What is Health Insurance?
Health insurance, also known as a health policy plan, is insurance coverage which pays for medical and surgical expenses incurred by the insured. It’s a contractual agreement between the insurance company and the policyholder, where the insurer agrees to pay for the insured’s medical expenses in exchange for a monthly/yearly premium for medical insurance.
Individuals, families, or organisations can avail of it, it helps cover the costs of routine check-ups, doctor visits, diagnostic tests, hospitalisation, and other medical expenses. It provides essential financial protection against unexpected medical expenses, which can often be very high. Health insurance plans best cater to the policyholder’s needs and budget, and various types of plans are available, including individual health insurance, family floater health insurance, critical illness insurance, and group health insurance.
Choosing the right plan in India or online medical insurance can help reduce the financial burden on the policyholder and their family, allowing them to focus on their recovery instead of worrying about the cost of treatment. It is crucial to select the best policy for medical insurance or medical procedure for the family to ensure comprehensive coverage and peace of mind.

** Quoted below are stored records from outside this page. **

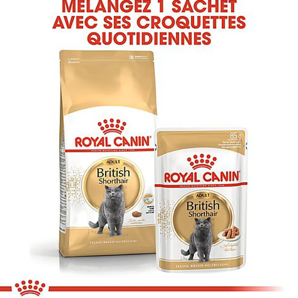 Pour répondre aux préférences individuelles de chaque chat, ROYAL CANIN® British Shorthair Adult est également disponible sous forme d’aliment humide en émincées en sauce. Si vous envisagez une alimentation mixte, il vous suffit de suivre nos instructions pour vous assurer que votre chat reçoit la quantité de nourriture sèche et humide nécessaire pour un bénéfice optimal.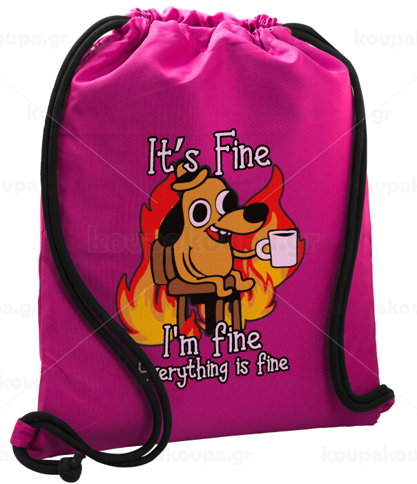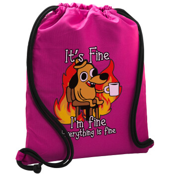 It's Fine I'm Fine Everything Is Fine, Backpack pouch GYMBAG Fuchsia, with pocket (40x48cm) & thick cords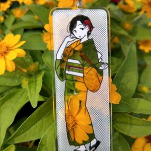 今日の大人のお遊び😊 お散歩ちゃんキーホルダー お散歩ちゃんキーホルダーは三人娘がアクリルのキーホルダーで洋服部分が透明なのでお花や景色など無限大に着せ替えて遊べちゃう 今日はメガネがチャームポイントでハイカラさんのかえでちゃん ゲンノショウコを合わせてみたよ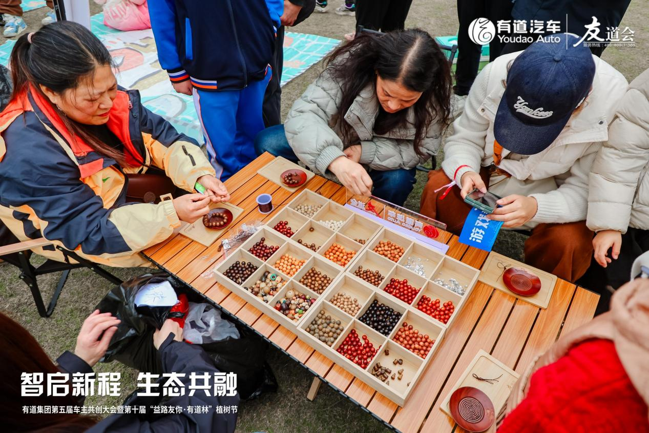 在现场工作人员的指导下,挑选自己喜欢的珠子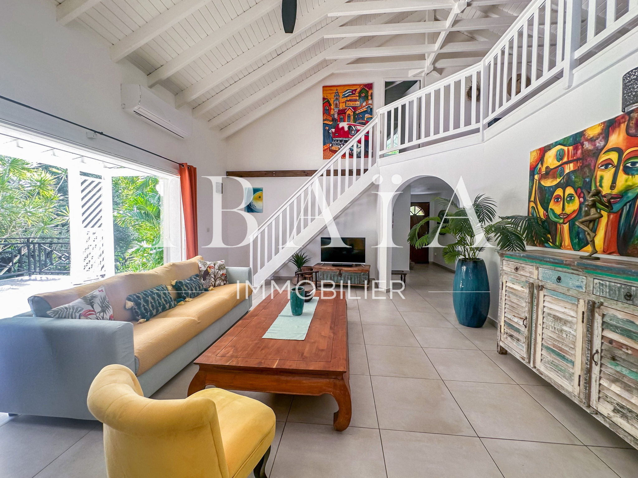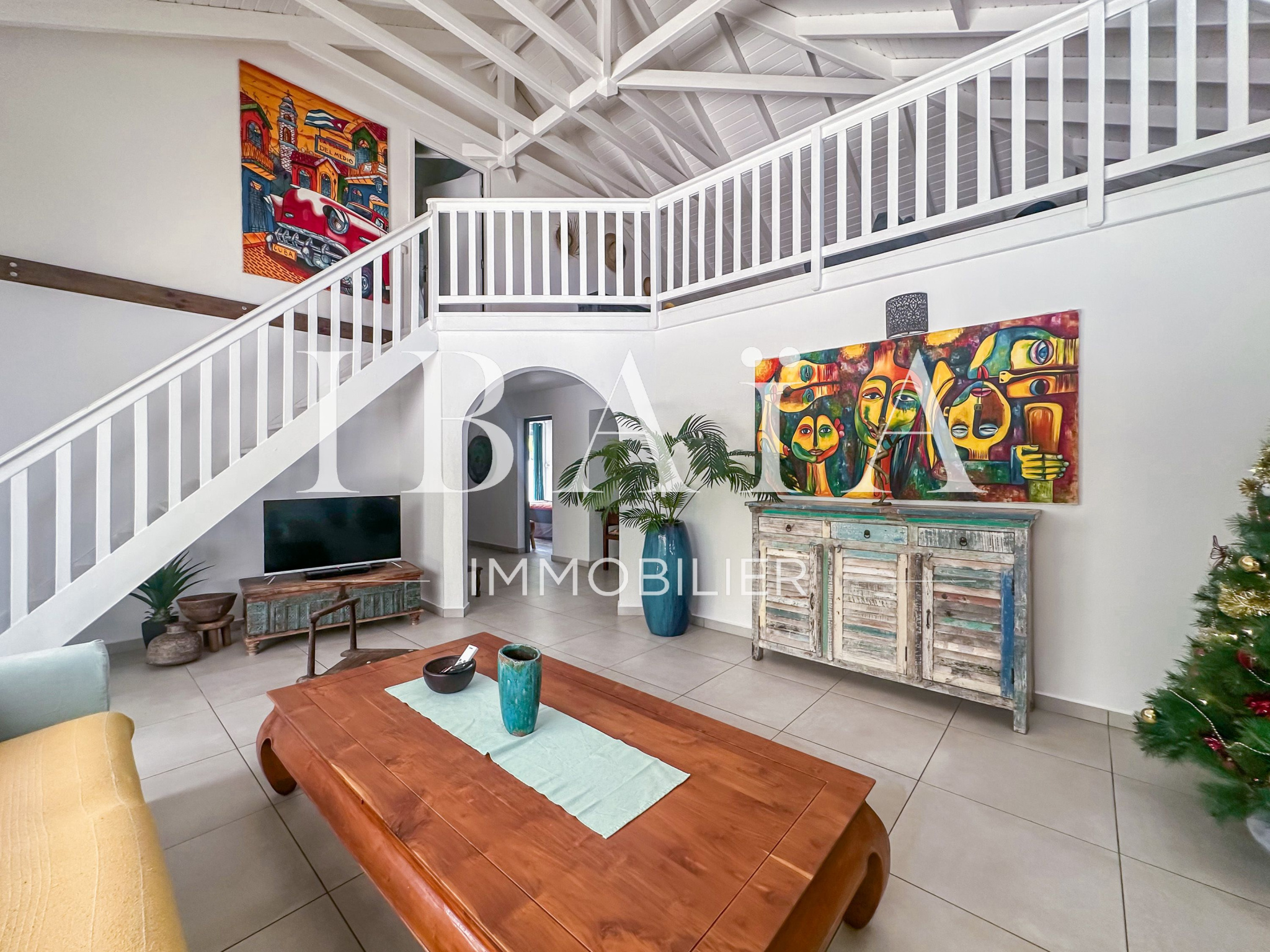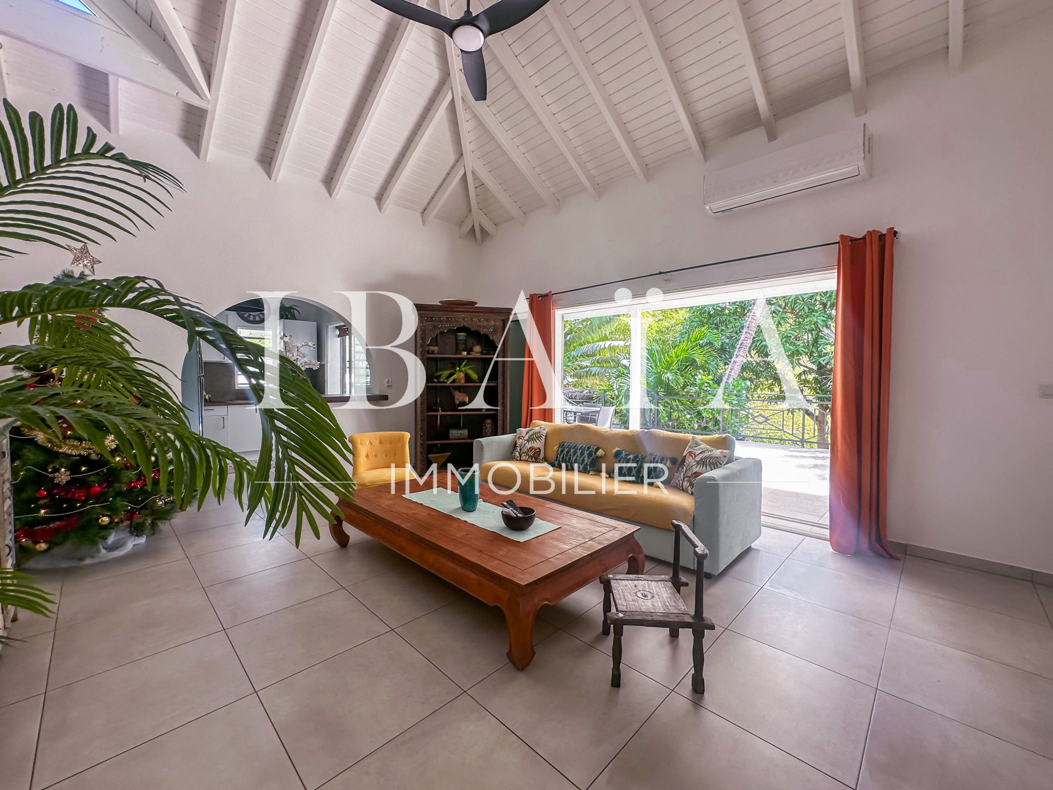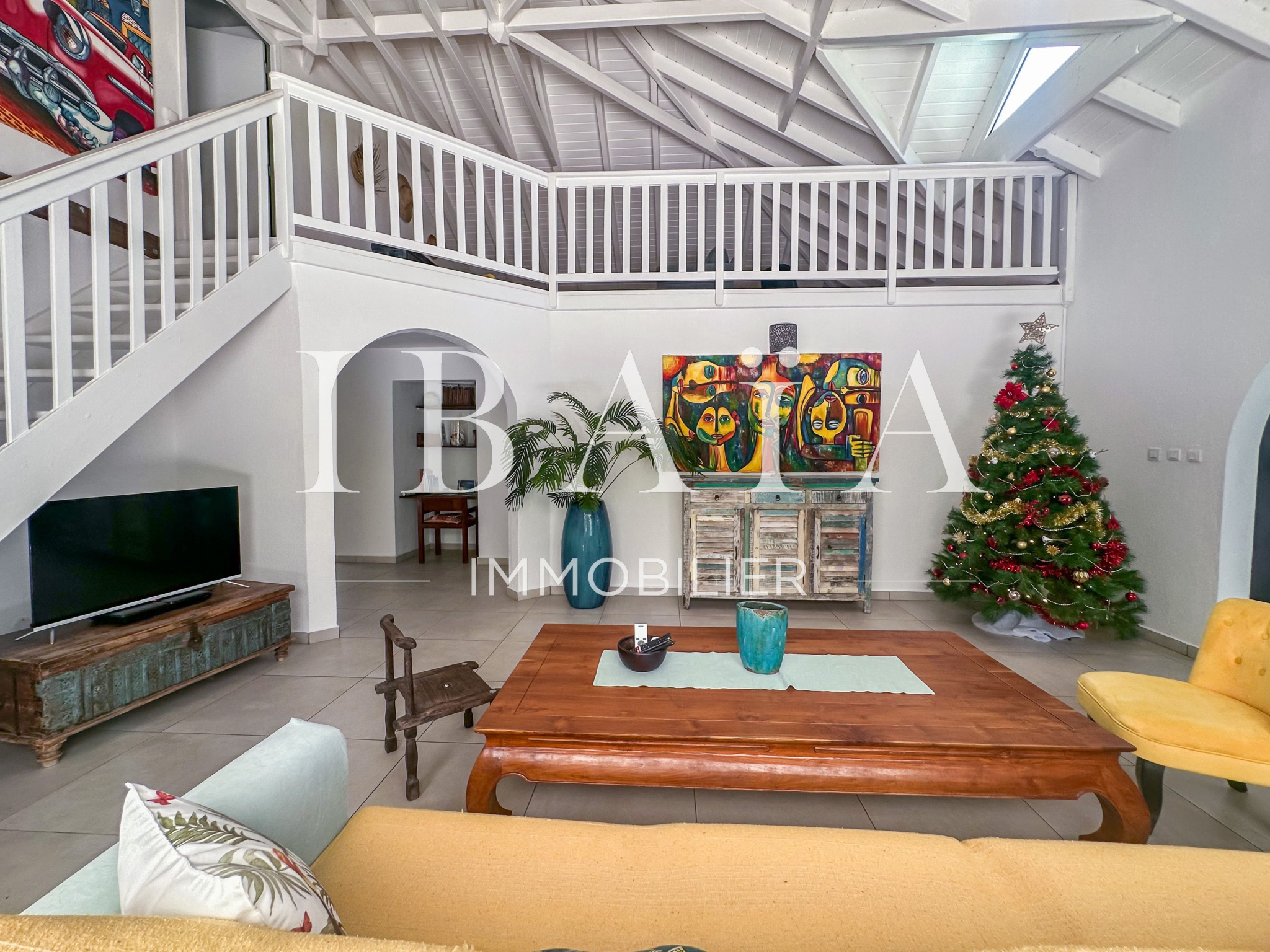 À l’intérieur, la villa séduit par sa cuisine américaine fonctionnelle avec cellier, ouverte sur un séjour lumineux doté d’un superbe toit cathédrale, offrant une sensation d’espace et de volume remarquable.

Benefits of Buying Health Insurance
- Financial Protection: Health policy plans or Medical Insurance provide financial protection against the high cost of medical expenses, helping policyholders and their families manage unexpected medical bills.
- Peace of Mind: Health insurance policies assure policyholders and their families of financial protection in case of any medical emergency, providing peace of mind.
- Tax Benefits: The premium paid towards a Health Policy Plan or Medical Insurance is eligible for tax benefits under section 80D of the Income Tax Act, making it a wise financial decision.
- Cashless Treatment: Many plans offer the convenience of cashless treatment, allowing policyholders to avail of medical services without upfront payments.
- Access to Quality Healthcare: Ensure access to quality healthcare without worrying about the cost, promoting good health and well-being.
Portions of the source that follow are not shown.